Strengths: Significantly cheaper and more efficient than Grok 4, improved readability/formatting, and practical for high-volume or office-style automation. It prioritizes utility over raw benchmark dominance.
Weaknesses: Trails frontier leaders like top Claude or GPT variants in peak precision coding, deep creativity, or the hardest reasoning benchmarks. Occasional inconsistency remains.
Verdict: A pragmatic, affordable workhorse rather than the undisputed smartest model. Excellent value for everyday power users who need speed and scale over absolute cutting-edge performance. Solid evolution.

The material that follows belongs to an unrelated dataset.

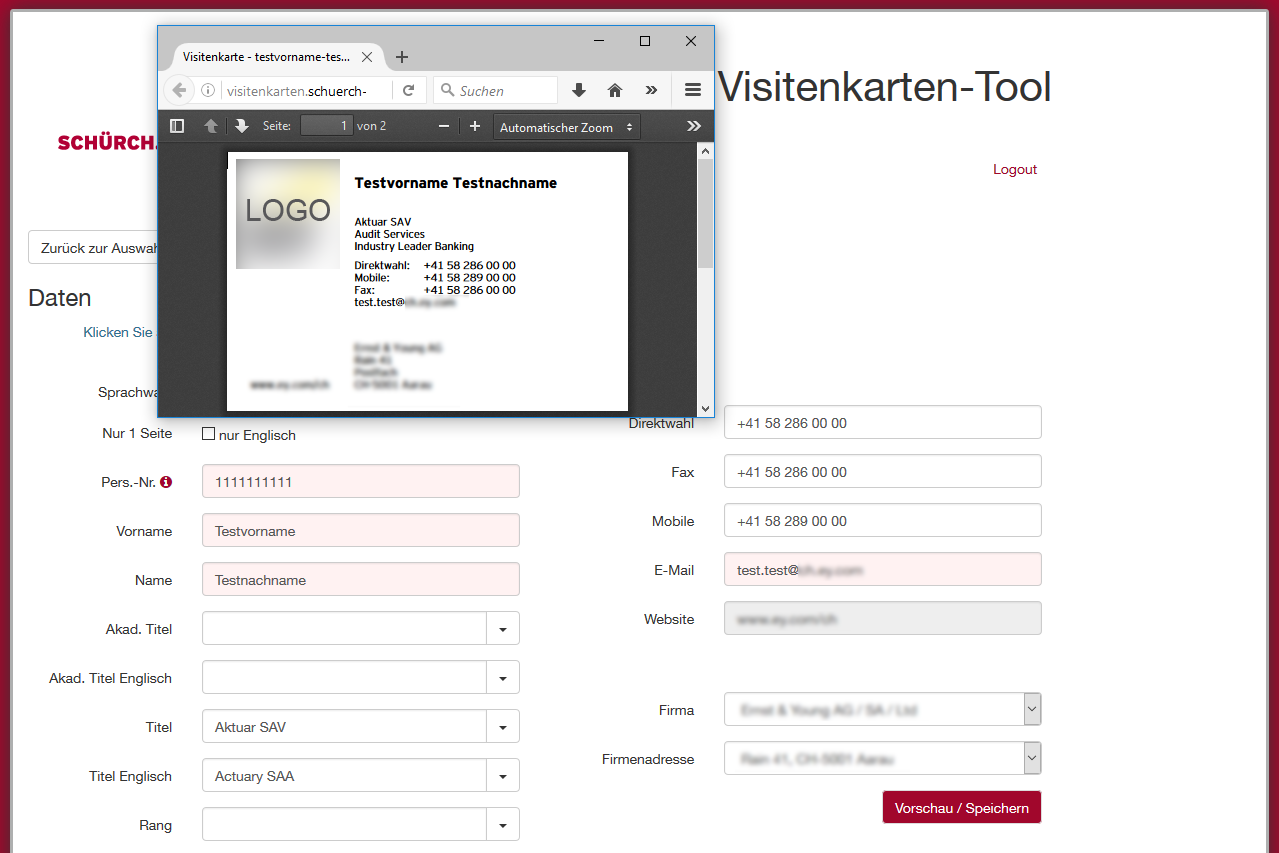 Visitenkarten-Tool für Grosskunden. Basierend auf Wordpress. Mitarbeiter- bzw. Visitenkartendaten können erfasst, bearbeitet und gelöscht werden. Eine PDF-Vorschau zeigt das fertige Produkt. Bei der Bestellung wird ein PDF generiert, das dann von der Druckerei direkt gedruckt werden kann.

Qwen3.7 Max: A Specialist, Not a Generalist
Released in May 2026, Alibaba’s Qwen3.7 Max is a formidable push into the proprietary frontier, trading casual versatility for elite performance in scientific reasoning, competitive math, and complex coding. Backed by a 1M-token context, blistering 206 t/s inference, and a highly competitive $2.50/M input price, it offers unmatched scale for heavy-lift pipelines.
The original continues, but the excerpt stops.